Ms. Saito also serves on the boards of Hawaii Pacific University, the University of Hawaii Alumni Association, Hawaii Medical Services Association, Child and Family Services, and numerous other community organizations.

 

Saito earned a bachelor of business administration in accounting from the University of Hawaii at Manoa, and is a certified public accountant (not in public practice) in the State of Hawaii.

 

Eric K. Yeaman (44)Mr. Yeaman has served as the president and chief executive officer of Hawaiian Telcom, the state’s leading communications provider, since June 2008.  Prior to joining Hawaiian Telcom, Yeaman was the senior executive vice president and chief operating officer of Hawaiian Electric Company, Inc. (HECO), and financial vice president and chief financial officer of Hawaiian Electric Industries, HECO’s parent company.  From 2000 to 2003, he was the chief operating and financial officer for Kamehameha Schools.

 

Yeaman serves on the boards of Queen’s Health Systems (currently chairman of the board), Bishop Museum, Hawaii Community Foundation, Hawaii Business Roundtable, The Nature Conservancy of Hawaii, Kamehameha Schools Audit Committee, Aloha Council Boy Scouts of America and the Harold K.L. Castle Foundation.  He is also a director of the United States Telecom Association.

 

Mr. Yeaman earned his bachelor of business administration degree in accounting from the University of Hawaii at Manoa and is a certified public accountant (not in public practice) in the State of Hawaii.

 



 

###

 

About Alexander & Baldwin Holdings, Inc.

 

Alexander & Baldwin Holdings, Inc., successor by merger to Alexander & Baldwin, Inc., is headquartered in Honolulu, Hawaii.  A&B is engaged in ocean transportation and logistics services through its subsidiaries, Matson Navigation Company, Inc. and Matson Logistics, Inc.; in real estate through A&B Properties, Inc.; and in agribusiness through Hawaiian Commercial & Sugar Company.

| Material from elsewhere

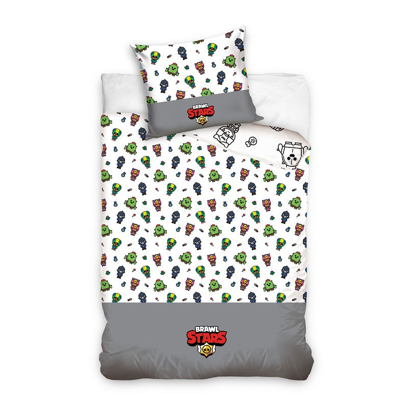 Спалното бельо Brawl Stars ще се хареса на всеки малък любител на играта. Изработката му е от 100% памук, който е приятен на допир, като обещава истинско удобство и спокоен сън. Комплектът се състои от двулицев плик за горна завивка в размер 140 х 200 см и калъфка за възглавница в размер 70 х 90 см.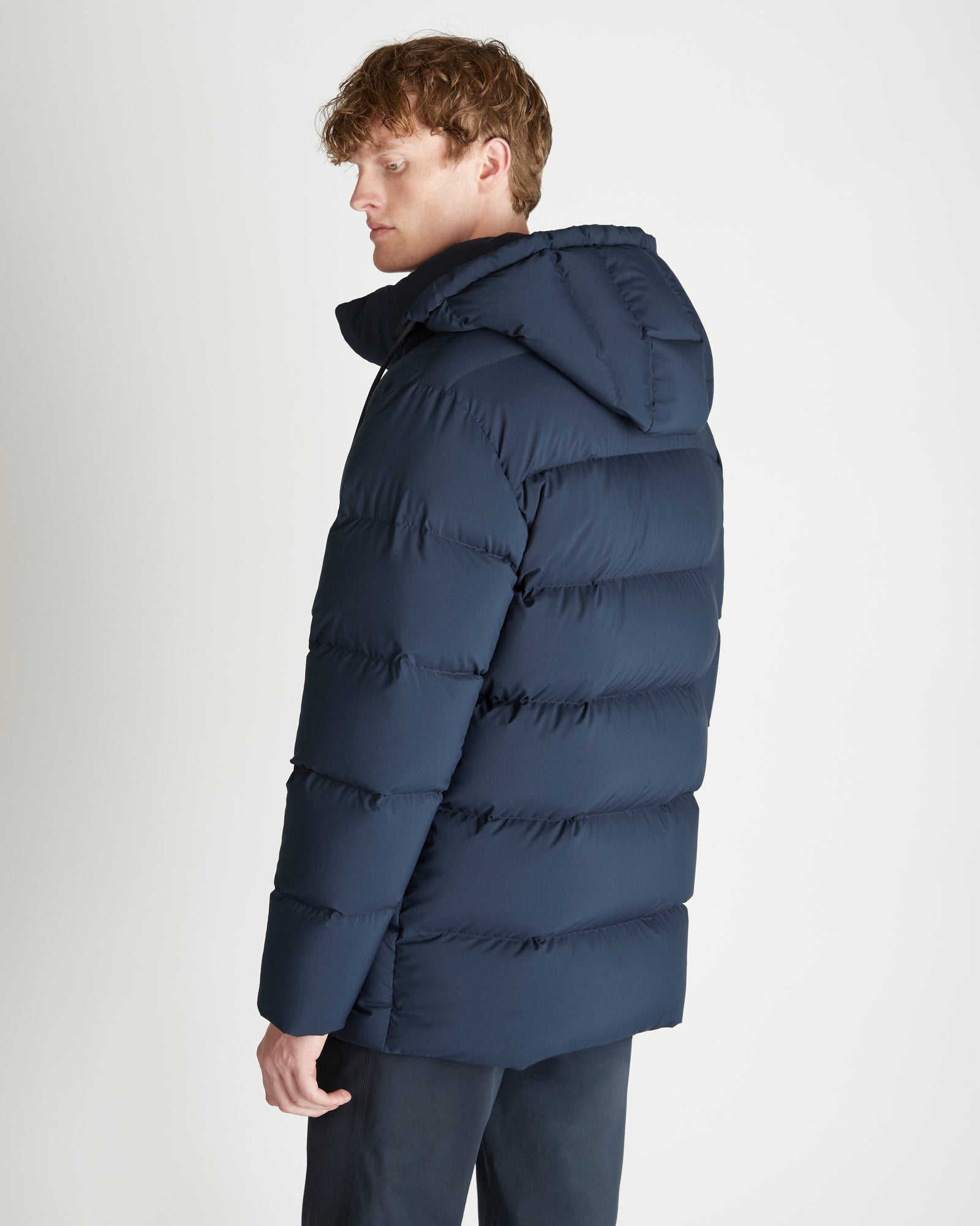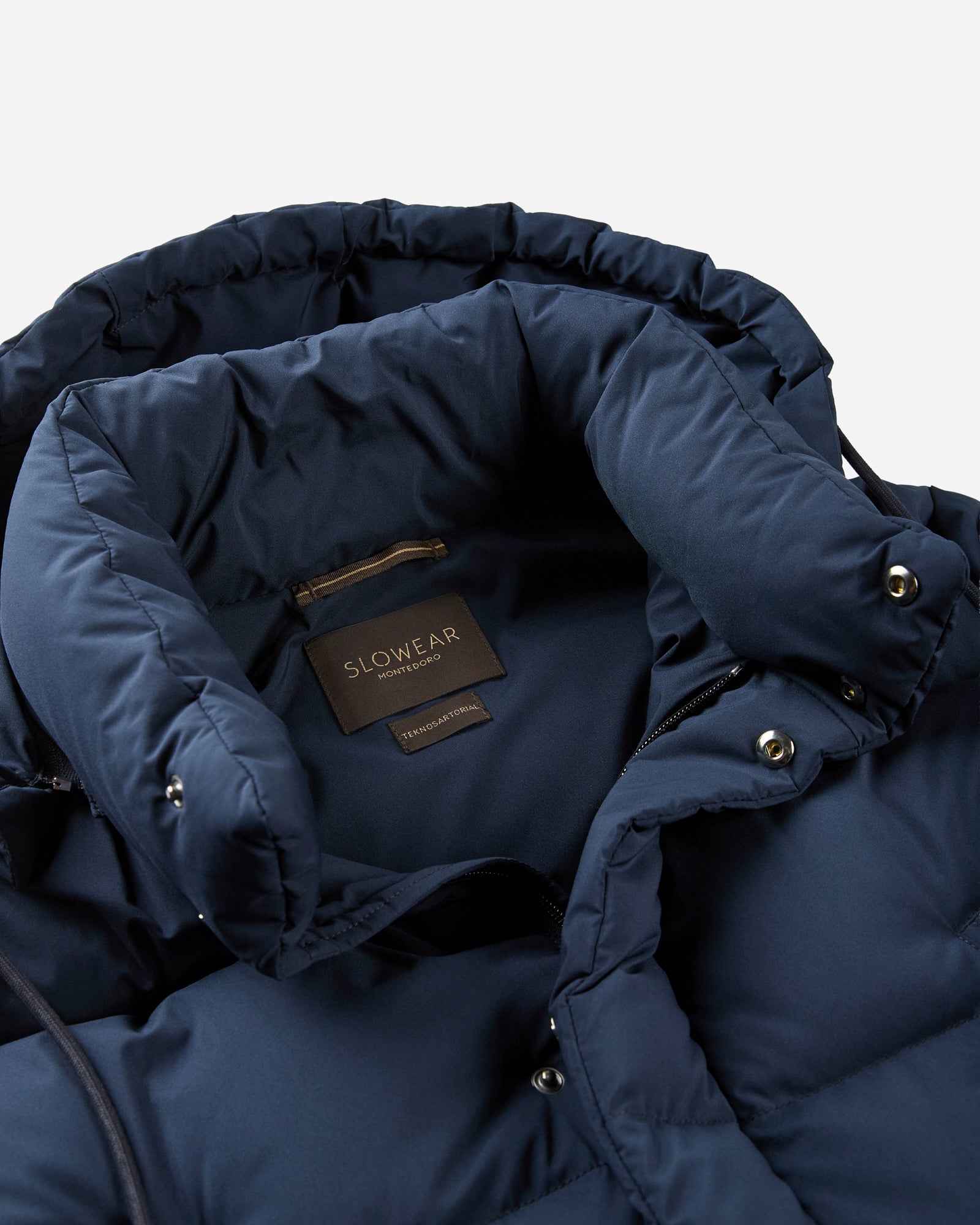 Piumino lungo in tessuto tecnico e imbottitura

Additional information about A&B may be found at its web site: www.alexanderbaldwin.com.

 

Forward-Looking Statements

 

Statements in this press release that are not historical facts are “forward-looking statements,” within the meaning of the Private Securities Litigation Reform Act of 1995, that involve a number of risks and uncertainties that could cause actual results to differ materially from those contemplated by the relevant forward-looking statement.  These forward-looking statements are not guarantees of future performance.  This release should be read in conjunction with our Annual Report on Form 10-K and our other filings with the SEC through the date of this release, which identify important factors that could affect the forward-looking statements in this release. We do not undertake any obligation to update our forward-looking statements.